Dion manages to turn the film into a positive vision for our species' future despite all the negative messages by interviewed experts. Tony Barnosky, Harvard paleontologist tells us at minute 4:00 that we don't have a lot of time, maybe 20 years to move things into the right direction. Belgian law professor and UN rapporteur Olivier de Schuetter explains at minute 30:25 that small scale farming could solve all problems of food production and environmental degradation, but nothing changes because governments listen to powerful corporations. American essayist Jeremy Rifkin enlightens with a very eloquent interview the effects of global warming, how it changes the water cycle on planet Earth and why we face the 6th mass extinction by 2035. It is though Mary Clear and Pam Warhurst from the Incredible Edible movement in Great Britain's Todmorden who seems to have at minute 16:50 the very central answer to all the problems humanity faces: “That's all the future needs; more people connecting with each other; food and conversation is the answer.”

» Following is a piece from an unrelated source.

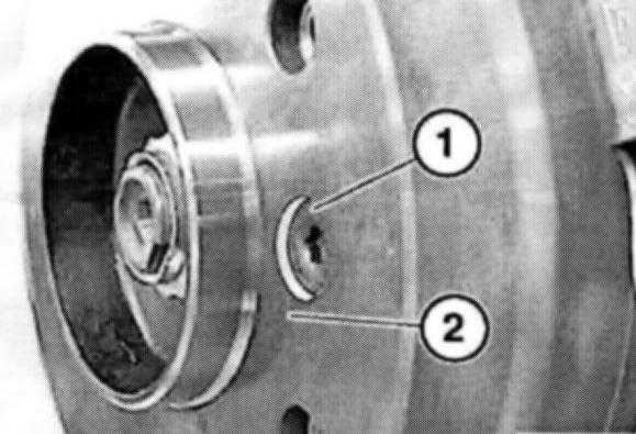 Retaining bolt must under no circumstances protrude over contact surface (2) between brake disk and disk wheel.
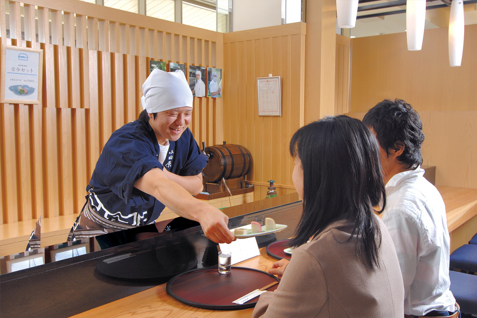 鈴廣自慢の小田原かまぼこです。職人手づくりの「超特選蒲鉾 古今」、お魚のすりみや製法が異なる「特上蒲鉾」、「謹上蒲鉾」の味や食感の違いをお試しいただけます。

On this note, a kind warning to the US film industry, which churns out year after year increasingly dystopian movies, making itself an accomplice of destruction. Huge budgets are allotted to fill our minds and hearts with narratives of destruction and narcissism. The 2017 blockbuster Ghost in a Shell, featuring Scarlett Johansson, just to name one of many examples, was produced for a whooping USD 110 Million; but the L.A. metropolitan area has no functioning public transportation system, permanent traffic jams, an antiquated electricity network, no high speed long distance railway. The highly productive US film industry reflects that a society, which once was a manufacturing powerhouse, has slid into a virtual void. Instead of building state of the art infrastructure, it designs negative delusions; instead of building our homes and caring for our people, we spend our hours on Netflix, HBO and gaming.
We watched the documentary Demain in combination with with climate scientist Alice Bows Larkin's TED talk on how we have to adapt to climate change or paleontologist Kenneth Lacovara's TED talk on the sixth mass extinction. Demain is in China online available with Chinese subtitles on the streaming platform bilibil. Highly recommended.